What needs to be done - Copy the data precisely, character for character, and leave out every picture.

Stored data -

----

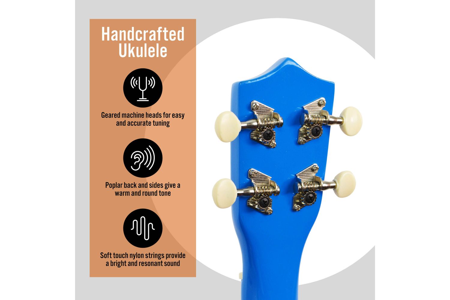 The impeccable 3-in-line geared metal machine heads ensure precise tuning, while the robust poplar bridge creates enduring stability. This feature aids in maintaining the longevity of the nylon strings, letting your melodies steadily radiate even after extended use. Incredibly playable with a practical size, you can take your creativity anywhere you desire. Unleash your inner minstrel anywhere from warm beaches to festive Irish gatherings.
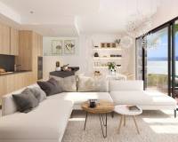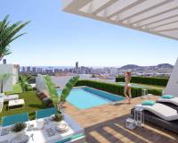Das weiße Musterhaus ist eine Luxus-Doppelhaushälfte mit privatem Pool zum Verkauf in Finestrat. Diese moderne Neubauvilla bietet einen der besten Ausblicke auf die Umgebung.
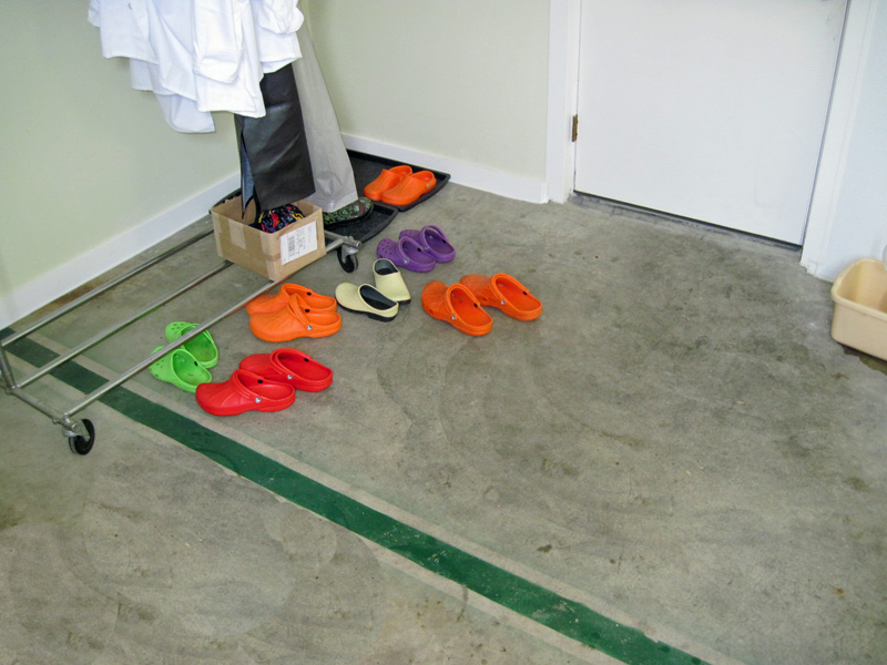 | Shoes, coats and hats are provided for anyone entering the work area. |

----

Response -
 The impeccable 3-in-line geared metal machine heads ensure precise tuning, while the robust poplar bridge creates enduring stability. This feature aids in maintaining the longevity of the nylon strings, letting your melodies steadily radiate even after extended use. Incredibly playable with a practical size, you can take your creativity anywhere you desire. Unleash your inner minstrel anywhere from warm beaches to festive Irish gatherings.
Das weiße Musterhaus ist eine Luxus-Doppelhaushälfte mit privatem Pool zum Verkauf in Finestrat. Diese moderne Neubauvilla bietet einen der besten Ausblicke auf die Umgebung.
 | Shoes, coats and hats are provided for anyone entering the work area. |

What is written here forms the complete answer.